Adopting a different format might make the file easier on the eye, but it doesn’t reduce repetition, and therefore it doesn’t address the real problem.
Abstraction
While reducing line noise is a noble goal, enabling abstraction is a more impactful feature. We can bikeshed about quote styles and trailing commas, but what we really need is a for loop. This is what that same configuration looks like in RCL:
{
buckets = [
let period_retention_days = {
hourly = 4,
daily = 30,
monthly = 365,
};
for database in ["alpha", "bravo"]:
for period, days in period_retention_days:
{
name = f"{database}-{period}",
region = "eu-west",
lifecycle_policy = { delete_after_seconds = days * 24 * 3600 },
}
],
}
It’s a bit more to take in at first, but if you’ve ever seen Python, Rust or TypeScript, you can read this file. (For a more gentle introduction, check out the tutorial.) Note how we eliminated two categories of bugs, and made the file more maintainable:
- We can’t mix up regions, because the region is only defined once.
- Instead of a comment that solemny swears that there are 31,536,000 seconds in 365 days, we have a formula that computes this. A large magic number is meaningless, but most people will recognize 3600 as the number of seconds in an hour, and 24 as the number of hours in a day.
- If we ever need to add
charlie
, that’s a 1-line diff.
This is where the real win is!
Trade-offs
While generating configuration solves problems, it also creates new problems:
- The applications we need to configure probably don’t natively accept config in your favorite language. This means we need to introduce an intermediate build step to generate the final configuation files. Features like
rcl build
help to reduce friction, but it’s still an additional step. - Greppability suffers. For example, the full names of the buckets no longer occur directly in the source code.
- There is a fine line between tasteful abstraction and overcomplication.
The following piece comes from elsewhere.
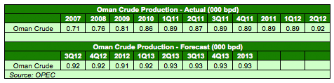 "Oman has thus far implemented a successful program to reverse the decline in production, deploying some of the most sophisticated methods of oil extraction," notes the U.S. Department of Energy. "Oil production in Oman has increased by more than 24 percent over the past four years, from a low of 714,000 bbl/d in 2007.

After how many lines of duplicated code does the power of a configuration language outweigh the simplicity of plain data?
When we have configuration files under source control, we can mitigate these points somewhat by checking in the generated files. (Heresy, I know!) This restores the ability to search, and we can now review changes from both sides: we can see the diff in the generator, but also how it impacts generated files.
Tools
Configuration languages like Cue, Dhall, Jsonnet, or RCL are designed specifically to eliminate boilerplate in repetitive configuration, but you don’t necessarily have to introduce new tools. A bit of Python or Nix that outputs json or toml can go a long way. Remember that yaml is a json superset, so anything that takes yaml accepts json! Deduplication beats copy-pasting, and manipulating data structures is safer than string templating.
Conclusion
The world is growing tired of yaml, and alternative configuration formats are making the rounds. I applaud replacing yaml with simpler formats like toml, and I sure prefer working with pretty code over working with ugly code. However, I also think that arguing over which multi-line string syntax is superior, is missing a deeper issue.
When configurations grow more complex, what we really need is abstraction to eliminate duplication. Real abstraction over data structures, not string templating. That means turning configuration, at least to some extent, into code. How to navigate the balance between code and data remains a matter of applying good judgment, but for large enough configurations, the right balance is unlikely to be at 100% data.